THE GARDEN IN WINTER
One mild winter day, I took a bag lunch to the gazebo at Hatcher Garden. The ten-acre woodland preserve within the city limits of our town was quiet. Two men were busily working near the entry to the garden. They quickly finished their task and disappeared. As far as I could tell, I had the place to myself, except for a large red-tailed hawk perched on a tree limb above a pond. I thought he, too, must have had food on his mind. There was evidence that work was being done. I guess the staff and workers had gone to get something to eat. After lunch, I strolled through the beautiful landscape, a gift to our community from Harold and Josephine Hatcher. Now this public area is open year-round. It features a series of ponds and an impressive waterfall. The main attractions are the plants – trees, shrubs, and perennial flowers. Birds and insects add to the garden’s interest. The peaceful solitude and quiet beauty of Hatcher Garden in winter is quite a contrast to the happy sounds and active people that fill the space in the warmer months. Along one of the paths I found a bench in the sun. I paused there listening to the birds and the breeze in the trees. In that moment the garden became a sanctuary for me, a place of contemplation and prayer. I told a friend who has a passing interest in gardening about my winter afternoon visit to the public preserve. She commented, “I’ve never thought of going there in the winter. What is there to see anyway?” “Try it sometime,” I said. “I bet you’ll find plenty to see, to hear, and to enjoy.” One of my friends does not like gardening at all. Yard work for him is just one more thing on his honey-do list, usually the last thing. The only plants he admires are the grasses on fairways and putting greens. His philosophy regarding his own yard is: if it is green and growing, leave it alone. He knows that I do not play golf, but he also knows how much I enjoy tending my plants. Last week he commented, “I play the links all year long, but I guess there’s not much for a gardener to do in the winter.” Nothing could be further from the truth. There is never an off-season for a gardener. In fact, gardening in winter is one of the delights of those of us who love tending plants. Here is a list of a few things that winter gardeners might consider.
- Study your garden. Now you can see the bare bones of the landscape. Winter provides an opportunity to see where the gaps are that need to be filled. You will also notice branches and limbs that overhang paths or crowd other plants.
- Pruning is a winter chore. There are also plants that should not be cut back in winter, especially flowering shrubs that bloom on last season’s growth. If in doubt check with the Clemson Extension Service or your local garden shop.
- Plan now for new garden projects in the spring. Much to the dismay of my wife, I have a stack of gardening magazines and nursery catalogues piled next to my favorite chair. Whenever I have a few minutes, I read and make notes about interesting plants that I would like to add to my garden.

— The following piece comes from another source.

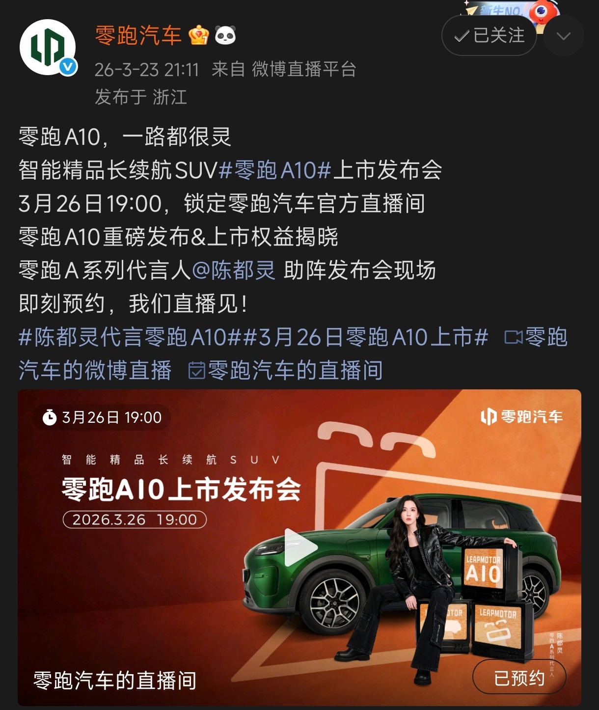 车身尺寸方面,零跑A10长宽高分别为4270mm、1810mm、1635mm,轴距2605mm。外观延续“科技自然美学2.0”设计,配备“嘻嘻灯”前脸与“哈哈尾灯”,提供6款全球自然色,兼顾美观与实用性。

- Visit your local full service garden center. Browse through the shrubs and trees. Look for plants that have colorful berries, pleasing shapes, or attractive bark. Consider adding some of these to your own winter landscape.

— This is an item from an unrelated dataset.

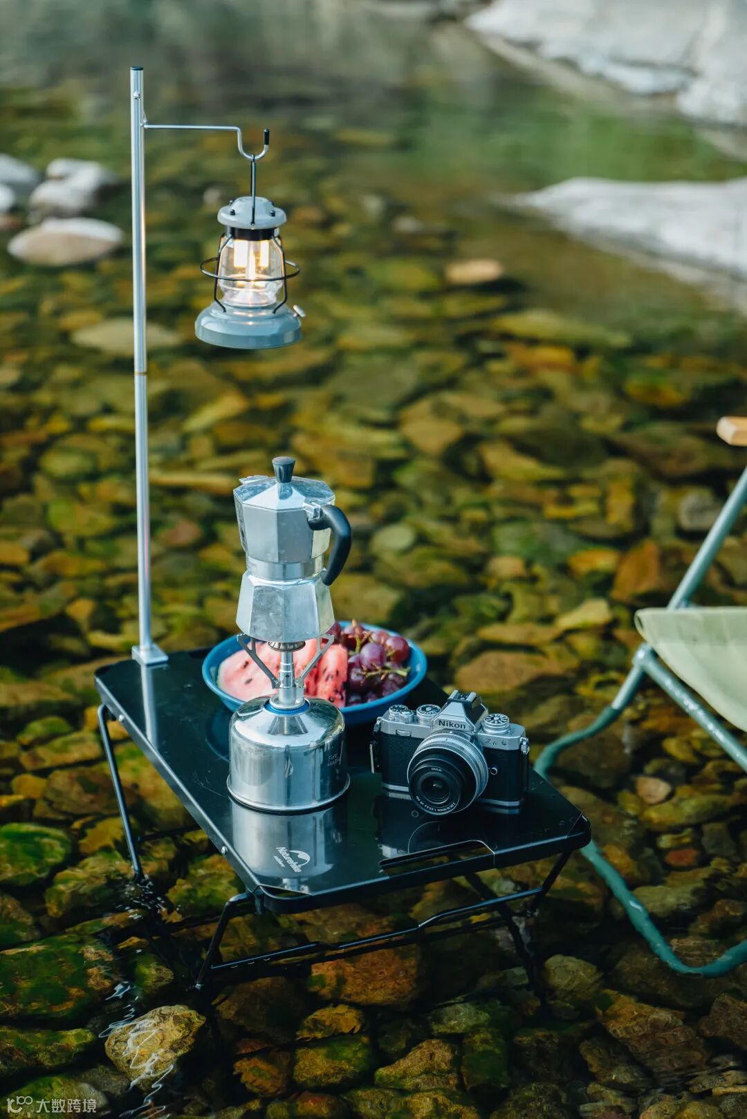 首先,我们要选择一块适合拍摄户外露营照片的场地。这次,我选择的是一处水流平缓的溪流旁,我把露营用的桌椅架在浅浅的溪水里,让场景更加清凉畅快。溪水两畔的鹅卵石和茂密的树林与山脉,形成了充满野外感觉的自然户外风背景。

- Keep a garden calendar that can also serve as a journal and a notebook. Keep track of when certain things bloom in your garden. On my visit to Hatcher Garden I not only enjoyed the solitude, but I also took a few notes about plants and features I would like to add to my own yard.

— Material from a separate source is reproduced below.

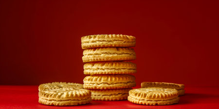 A stack of cookies on a red background.

- Compost organic matter. I have a compost bin that receives vegetable and fruit scraps, dead leaves, and grass clippings. When these materials decompose they yield rich soil that can be used to mulch plants or amend the flower beds. Making compost is one of the smartest things a gardener can do in any season.
- After a heavy rainfall, weed a flowerbed and turn the soil, mixing in some compost to get a head start on spring.
- Repair arbors, trellises, fences, and other structures while nearby plants are not actively growing and can be pruned or trained without disturbing the roots.
- Cold weather is the time to try your hand at propagating hardwood cuttings. The extension service can provide detailed information about this method of creating additional plants for your garden.
- Buy some year-end bulbs for half price. Don’t worry that it’s a bit late in the year to plant them; they’ll do just fine.
- Cool weather is the best time to add hardscape to the garden. Place rocks, sculptures, and garden whimsies in aesthetically pleasing locations. Prepare raised beds, walkways, and other features so you’ll be ready to plant at the first hint of spring.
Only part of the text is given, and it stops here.